Remember to oppose what you view would threaten the Refuge….

“Of course there must never, never be any drilling for oil in the Beaufort Sea north of the Refuge!  Oil spills would be inevitable, and the prevailing northerly winds would bring it all back to the Refuge coast.  If such drill sites already exist in the Sea above and to the west of Prudhoe Bay, one wonders what the coastline looks like!”- Dr. Bob Krear

“Development in the arctic oceans will ultimately destroy the wilderness character of the wild lands, due largely to human error no matter the technologies employed to reduce risk…we must minimize risk by not taking the risk of development where the consequences of the inevitable are so great and the technology to respond does not exist.”- Greg Scott

Think about the future….

“Please keep in mind the long term values of the Arctic Refuge as a place that future generations can see, touch, smell, hear, and just know it exists as it has been for eons.  We do not have the right to compromise this ecosystem’s integrity.  It will be worth more each year, decade, and century as other wilderness areas and ecosystems are compromise by our civilization.  Keep this one place as it was created.”- Martha Siebe

“Our grandchildren deserve to know this place exists, this place is valued, and that this place will remain intact, unspoiled, and untrammeled.” – Betty Siegel, Homer, AK

Inspire idealism in the Refuge Managers….

The Fish and Wildlife Service, its Refuge Managers and hierarchy have inherited this legacy of the American people.  It is in your hands to do all within your power to continue your leadership and advocacy to preserve its wild character.”- Stewart Brandborg, PhD. 
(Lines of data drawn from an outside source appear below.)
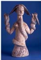
۱۵. هاسی - بابل - [۱۰]
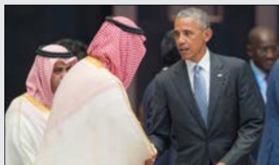
الأمير محمد بن سلمان مع الرئيس الأميركي السابق باراك أوباما
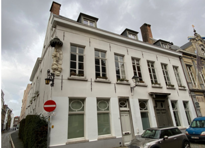
△ Keizerstraat 5 - 7
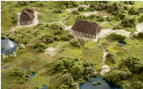
Dorp in het Noord-Hollandse duingebied

Ten zuiden van de grote rivieren wonen de Franken. Hun koning heet Clovis. Hij verovert het ene gebied na het andere. Om politieke redenen vindt hij het slim zich te laten dopen. Wat betekent dat voor zijn onderdanen? En hoe probeert Clovis zich bij de inwoners van Tours (stad in het huidige Frankrijk) populair te maken?
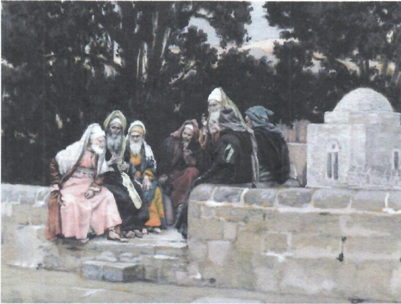
Pharisees and Herodians conspire against Jesus by Tissot

En Marcos 2,23-28, una vez más vemos a los fariseos al acecho, buscando cualquier posible violación de la ley para que puedan acusar a Jesús y sus seguidores. Esta vez, Jesús y sus discípulos están cruzando un campo de grano maduro aparentemente apurados por llegar a la próxima ciudad. Aunque los discípulos están hambrientos, no se detienen a comer, por lo que los discípulos arrancan parte del fruto maduro para calmar su apetito. Por lo general, se permite que un viajero
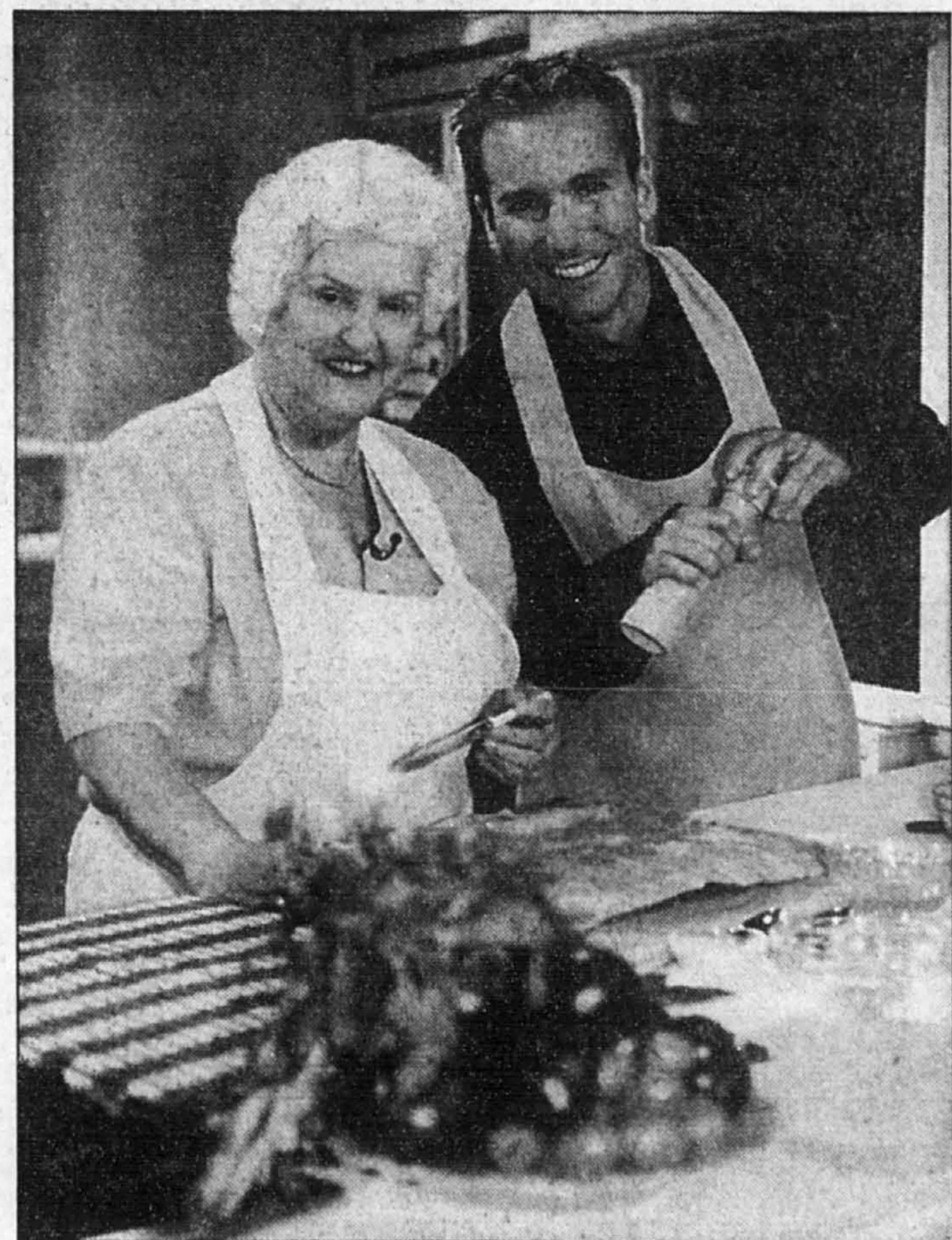
Maman Dion et son partenaire d'émission, Éric Salvail.

On a appris des gens qui travaillent avec Mme Dion qu'elle reste jusqu'à la toute fin des enregistrements — on en fait quatre par jour — pour récupérer les plats qu'ont laissés les techniciens. Elle
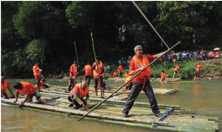
Aksi para peserta perlumbaan rakit
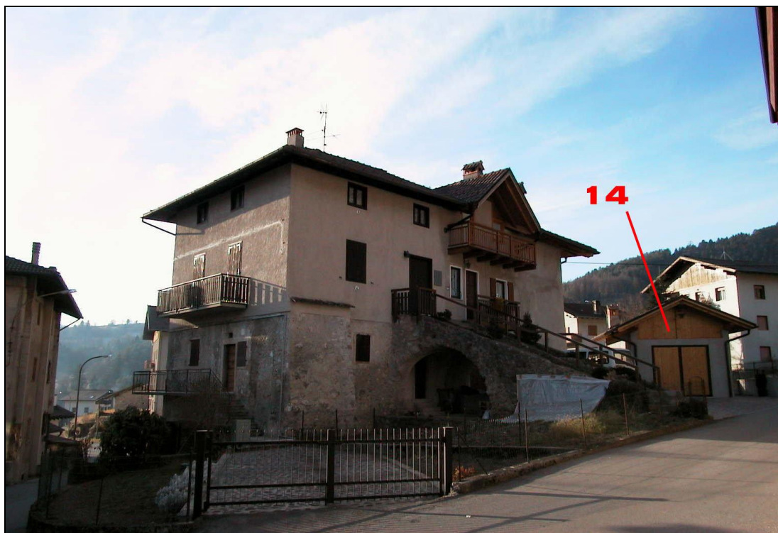
Unità Minima d'intervento n° 14
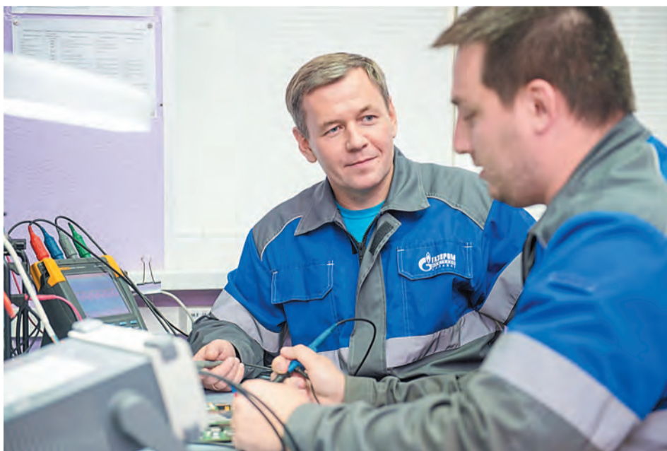
Электротехнический процесс – самый увлекательный

– Упорство, целеустремленность. Отчасти это качество сформировалось моими увлечениями, а отчасти – воспитанием. У родителей нас было трое, я – старший. Разница со средним братом была в 3 года, а вот с младшей сестрой – в 9 лет, и, когда она родилась, я по-настоящему и стал старшим. Мне была доверена миссия покупки молока. Надо понимать, что времена были советские, и днем молоко в магазине не продавалось, а для того чтобы его купить, нужно было спозаранку отстоять очередь к привозному ларьку. Так вот, было мне
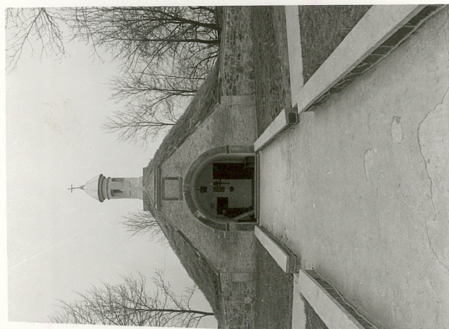
3. KAPLICA GROBOWA
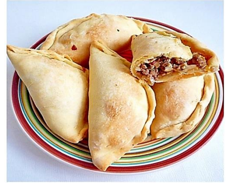
↑エンパナーダ 日本のおにぎりのような国民食
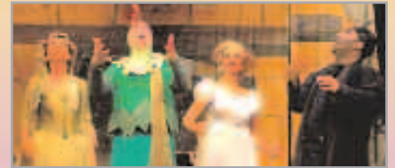
El somni de Papageno , companyia ATOT 15 d'abril, a les 19 h Auditori Miquel Martí i Pol

La venda anticipada d'entrades numerades es farà a l'Àrea de Serveis a la Persona (av. de Barcelona, 45, tel. 93 477 00 51) a partir del 10 d'abril. També es pot enviar un correu electrònic a: asp@sjdespi.net .
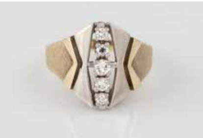
165 | BRILLANT-RING Gelbgold, Weißgold. Ringmaß ca. 54, Ges.-Gew. ca. 5,3 g. Gest. 585. Fünf Brillanten, zusammen ca. 0,27 ct. € 120,-
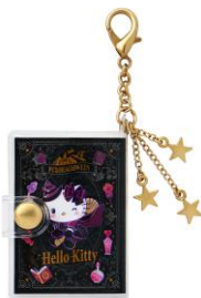
豆本チャーム（全10種） 990円
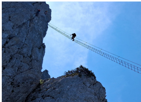
Himmelsleiter & Donnerkogel, 20.07.2025
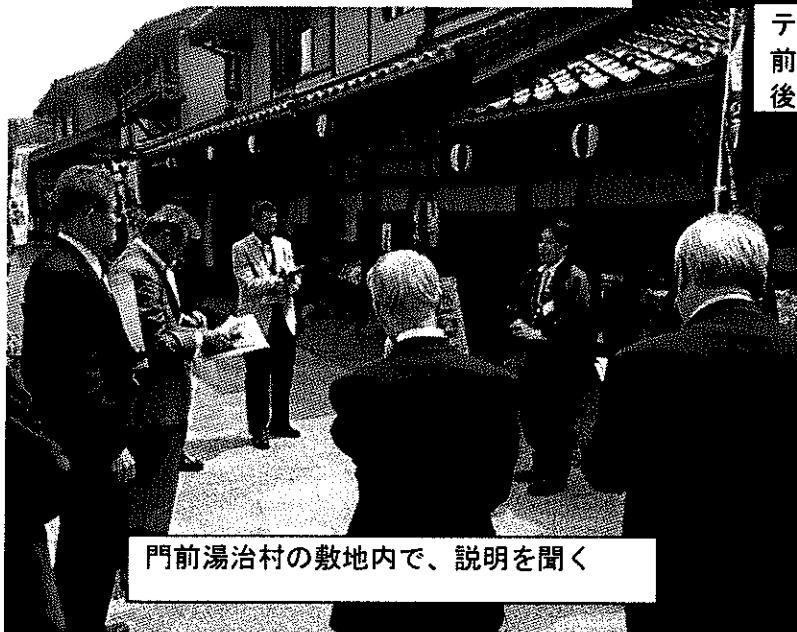
門前湯治村の敷地内で、説明を聞く
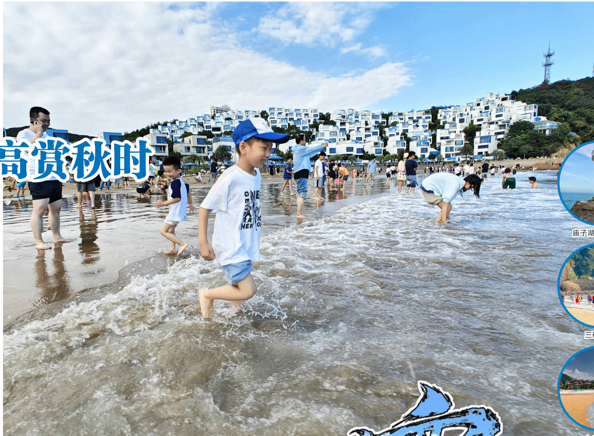
岱山秀山岛爱琴海沙滩，游客戏水欢闹

黄龙岛的元宝山分大小元宝，大元宝石上刻有“东海云龙”四字，小元宝依偎在旁。从元宝石鸟瞰黄龙岛，自有一番海岛美景，而据传，登元宝山摸一摸元宝石，会带来好运，所以游客总是络绎不绝。
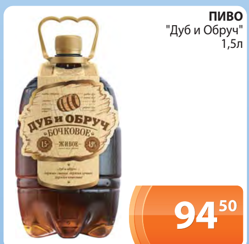
ПИВО "Дуб и Обруч" 1,5л
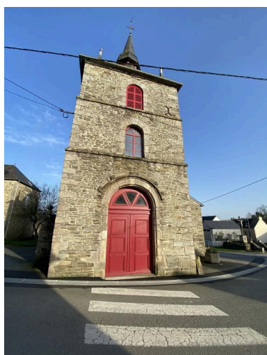
Vue ouest IVR53_20265610523NUCA
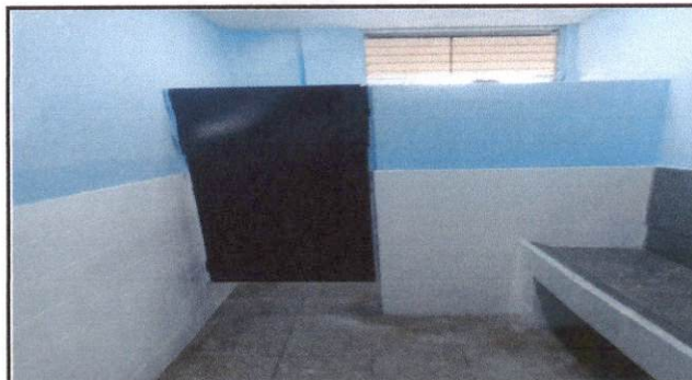
Foto 4: Mejoramiento y reparación de mingitorio, tubería de agua potable, azulejo, puertas, cambio de lavamanos y pintura en servicio sanitario de alumnos.

“I urge you, in your roles as managers and stewards of the Arctic National Wildlife Refuge, to do the same.  Please step forward and help encircle the Arctic Refuge- in its entirety- as a vast and unique place, located at the top of the world, generously protected in perpetuity, for itself and for generations of humanity to come.”- Carolyn Kremers

Stick to the basics…

“My visit to ANWR was, without a doubt, the greatest experience of my life (I will be 76 years old in ten more days).  It is my greatest wish that the ANWR be protected, and left “as is” for others to enjoy, and for the wildlife using it to continue to be able to do so.” – Gerald R. Brookman

“Keep it wild, my friends.  All this talk of oil drilling is just a distraction from what the land is.  Keep it wild.”